Of course not all of the troops are involved in combat, and those that have been, such as the Dutch and the Canadians who saw heavy fighting in the south, are ending their combat role. Others, such as the Germans, were put in places that were thought relatively safe, but now that the insurrection has spread, they, too, are in harm’s way.

Others are on guard duty. I recently ran into Macedonian soldiers guarding the I.S.A.F. compound in Kabul, a rabbit warren of bunkered corridors and blast walls. The Macedonians like to say they were there first, because of Alexander the Great, who made his way up the Kabul River Valley two and a half thousand years ago.
I saw Mongolian soldiers, too, and some said cynically that when the Mongols were in charge Genghis Khan didn’t worry about hearts and minds.

Then there are the untold number of foreign civilians attached to embassies, private security firms, construction companies and nongovernmental organizations. India, for example, has one of the largest construction projects in Afghanistan, and a number of consulates in the provinces that drive the Pakistanis crazy.

Many nations help train the Afghan National Army and the police, which can be confusing for the Afghans because of differing languages and methods. But making a virtue out of diversity, I.S.A.F. personnel say this can be useful because other countries have skills the Americans lack. Russian helicopters are thought to be the best for Afghanistan, because of comparative simplicity and easy maintenance, but Americans have no experience with them. However, Czechs, Poles and Hungarians do.

Also, America has no experience with a national police force, but the Italians do.
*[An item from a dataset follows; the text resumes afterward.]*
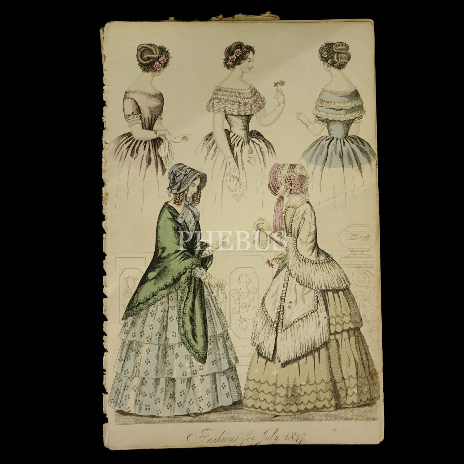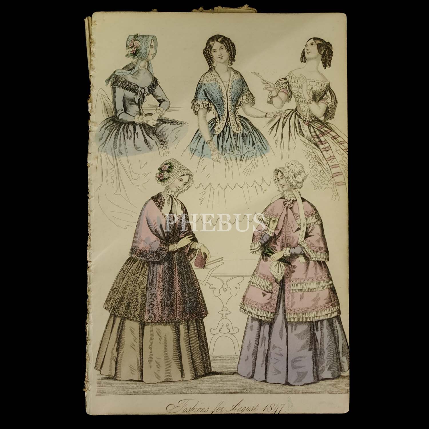1848 yılının yaz, sonbahar ve kış kadın modasını yansıtan renkli taş baskı model ve kıyafet çizimleri, 9 yaprak, 15x24 cm...

Of course the greatest number of foreigners are Americans, and the American embassy, looking like a large, art-deco movie theater, is now the largest U.S. embassy in the world, having passed Baghdad. Ambassador Karl Eikenberry recently held a small ceremony to unveil the embassy’s ever-expanding building plans, just in case Afghans might think we are leaving anytime soon.

Visit the Sherpur district of Kabul, and there, behind a high wall, is the old foreign cemetery. British soldiers spruced it up, having returned to Afghanistan for the first time since their third Afghan War in 1919.

Lt. St John William Forbes of the Gordon Highlanders, who fell ascending the heights of Takht-i-Shan in 1879, lies there. A short distance away is a stone for Thomas Little, born in Kinderhook, New York, one of the 10 aid workers killed by the Taliban last year.

Gayle Tamsyn Williams, who was shot in a Kabul street in 2008, suspected of being a Christian missionary, is memorialized not far from Armin Franz, a German who gave his life in the service I.S.A.F. in 2010.

Over the centuries Afghanistan has had a fatal attraction for invading armies. They have not always fared well, but they keep trying, the triumph of hope over experience. Sir William Macnaghten, who went up to Kabul with a British army 170 years ago, famously said of the Afghans: “I fear these fellows will require many a hiding yet before they settle down and become peaceable citizens.” He was murdered for his troubles, and his army destroyed, but his message sounds strangely similar to the American command’s strategy for dealing with the Taliban today.